Properties and Characterization of Modern Materials

This book focuses on robust characterization and prediction methods for materials in technical applications as well as the materials’ safety features during operation. In particular, it presents methods for reliably predicting material properties, an aspect that is becoming increasingly important as engineering materials are pushed closer and closer to their limits to boost the performance of machines and structures. To increase their engineering value, components are now designed under the consideration of their multiphysical properties and functions, which requires much more intensive investigation and characterization of these materials. 

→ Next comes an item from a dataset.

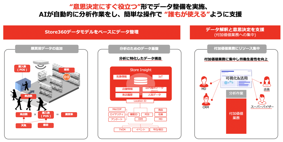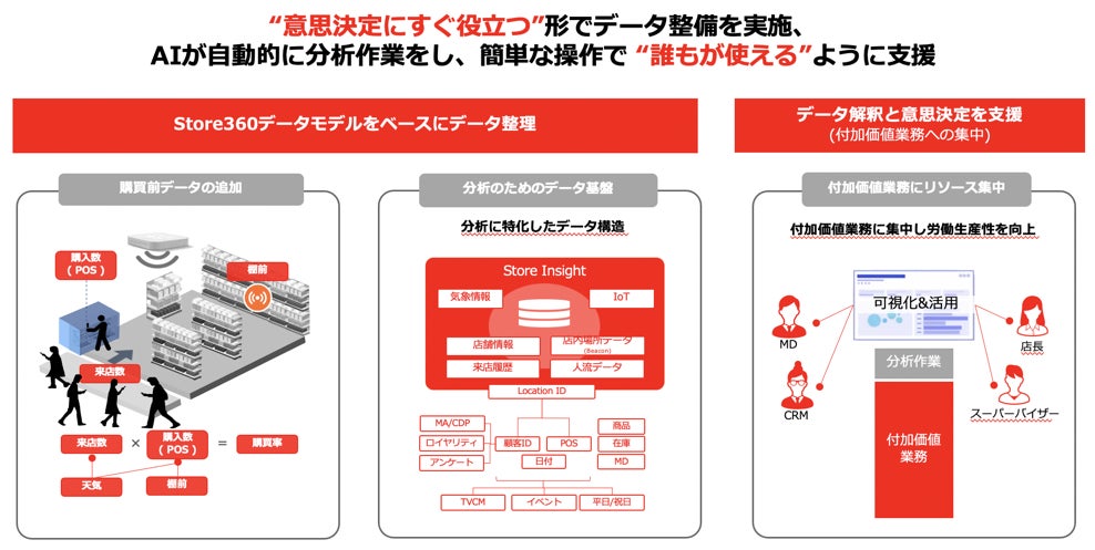 STORE360サービスのリリースにより、これまでの企業主体で一方的に顧客データを取得する「サービス不在のデータ取得時代」から、「高品質な顧客体験を前提としたデータ取得時代」へスムーズな移行支援を強化して参ります。また分析機能も大幅に強化し、取得できた大量のオフラインデータから分析時間ゼロでインサイトを得られるAI自動分析機能を追加しました。これにより、STORE360は消費者へ質の高いリアル店舗体験を提供するだけでなく、小売企業従事者にはAIによる新しいデータ活用体験を提供します。

The materials covered in this monograph range from metal-based groups such as lightweight alloys, to advanced high-strength steels and modern titanium alloys. Furthermore, a wide range of polymers and composite materials (e.g. with micro- and nanoparticles or fibres) is covered. The book explores methods for property prediction from classical mechanical characterization-related fields of application, for example, from wear, creep, fatigue and crack growth, to specific surface properties, to dielectric and electrochemical values. As in all fields of modern engineering, the process is often accompanied by numerical simulation and optimization.   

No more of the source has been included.